Mean shift clustering is another popular clustering algorithm used for image segmentation. In this approach, each pixel is represented as a point in a high-dimensional space, and the algorithm shifts each point toward the direction of the local density maximum. This process is repeated until convergence, where each pixel is assigned to a cluster based on the nearest local density maximum.

example of mean shift clustering

Source

‍Though these techniques are simple, they are fast and memory efficient. But these techniques are more suitable for simpler segmentation tasks as well. They often require tuning to customize the algorithm as per the use case and also provide limited accuracy on complex scenes.

Deep Learning Techniques

Neural networks also provide solutions for image segmentation by training neural networks to identify which features are important in an image, rather than relying on customized functions like in traditional algorithms. Neural nets that perform the task of segmentation typically use an encoder-decoder structure. The encoder extracts features of an image through narrower and deeper filters. If the encoder is pre-trained on a task like an image or face recognition, it then uses that knowledge to extract features for segmentation (transfer learning). The decoder then over a series of layers inflates the encoder’s output into a segmentation mask resembling the pixel resolution of the input image.

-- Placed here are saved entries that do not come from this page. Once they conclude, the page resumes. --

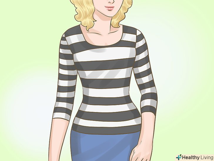 Носіть одяг з горизонтальними смугами. горизонтальні лінії візуально роблять грудну клітку ширше, через що сама груди виглядає більше. Від одягу з широкими лініями ефект набагато більше, ніж від одягу з тонкими вузькими лініями. Одягніть сорочку і однотонну спідницю або штани, щоб краще підкреслити бюст. [8]- Деяким людям здається, що горизонтальні смужки не підходять для їх типу фігури. Топи і футболки з гофрованої тканини теж можуть додати грудей обсяг, через що верхня частина тіла буде в цілому виглядати трохи більше.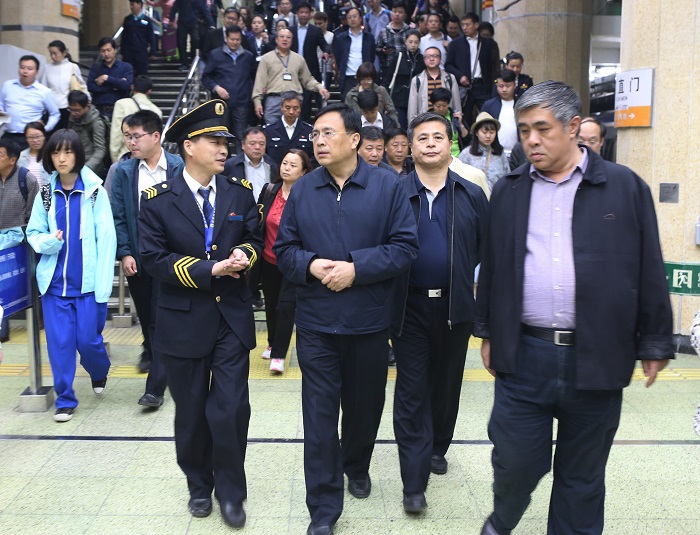 4月27日,市交通委主任周正宇带队到地铁西直门站检查“五一”期间地铁运营安全,副主任王兆荣,委员逯福全、王春强一同调研。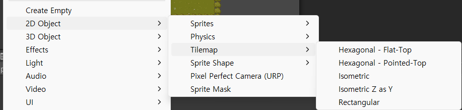 Hierarchy창에서 우클릭 - 2D object - Tilemap을 통해 만들 수 있습니다.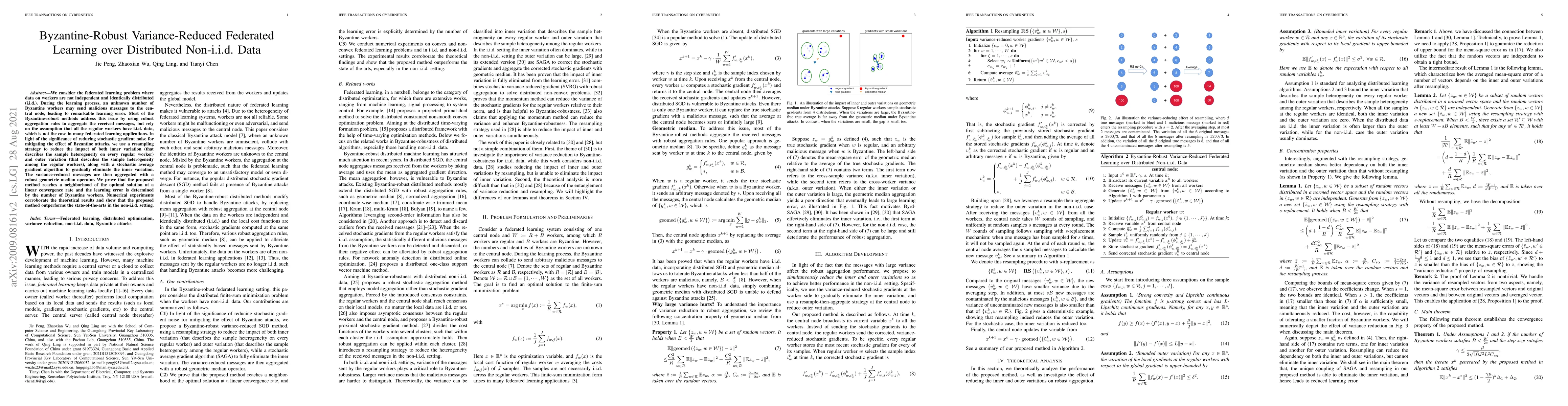 This paper proposes a Byzantine-robust variance-reduced federated learning method for non-i.i.d. data, addressing the challenge of malicious workers and sample heterogeneity. It combines a resampling strategy with a robust geometric median operator to achieve linear convergence and outperforms existing methods.

basic architecture of the neural network model for image segmentation

The basic architecture of the neural network model for image segmentation. Source

Many deep learning models are quite adept at performing the task of segmentation reliably. Let’s have a look at a few of them:

Deep Learning Techniques
TechniqueDefinitionKey FeaturesApplications
U-NetA fully convolutional network designed for precise segmentation tasks, especially in medical imaging.- Encoder-decoder structure with skip connections. - Combines low-level and high-level features for finer segmentation. - Retains spatial context effectively.Medical imaging (tumor detection, organ segmentation).
SegNetA deep convolutional network optimized for semantic segmentation tasks.- Encoder-decoder structure. - Uses max-pooling indices for efficient upsampling. - Reduces computational complexity.Scene understanding, autonomous driving.
DeepLabA CNN architecture that leverages atrous (dilated) convolution for dense segmentation tasks.- Incorporates features from all convolutional layers. - Atrous convolution for capturing contextual information. - Efficient computation.Object detection, road scene analysis.
 

U-Net

U-Net is a modified, fully convolutional neural network. It was primarily proposed for medical purposes, i.e., to detect tumors in the lungs and brain. It has the same encoder and decoder. The encoder is used to extract features using a shortcut connection, unlike in fully convolutional networks, which extract features by upsampling. The shortcut connection in the U-Net is designed to tackle the problem of information loss. In the U-Net architecture, the encoders and decoders are designed in such a manner that the network captures finer information and retains more information by concatenating high-level features with low-level ones. This allows the network to yield more accurate results.

U-Net Architecture

U-Net Architecture. Source

SegNet

SegNet is also a deep fully convolutional network that is designed especially for semantic pixel-wise segmentation. Like U-Net, SegNet’s architecture also consists of encoder and decoder blocks. The SegNet differs from other neural networks in the way it uses its decoder for upsampling the features. The decoder network uses the pooling indices computed in the max-pooling layer which in turn makes the encoder perform non-linear upsampling. This eliminates the need for learning to upsample. SegNet is primarily designed for scene-understanding applications.

SegNet Architecture

SegNet Architecture. Source

DeepLab

DeepLab is primarily a convolutional neural network (CNN) architecture. Unlike the other two networks, it uses features from every convolutional block and then concatenates them to their deconvolutional block. The neural network uses the features from the last convolutional block and upsamples it like the fully convolutional network (FCN). It uses the atrous convolution or dilated convolution method for upsampling. The advantage of atrous convolution is that the computation cost is reduced while capturing more information.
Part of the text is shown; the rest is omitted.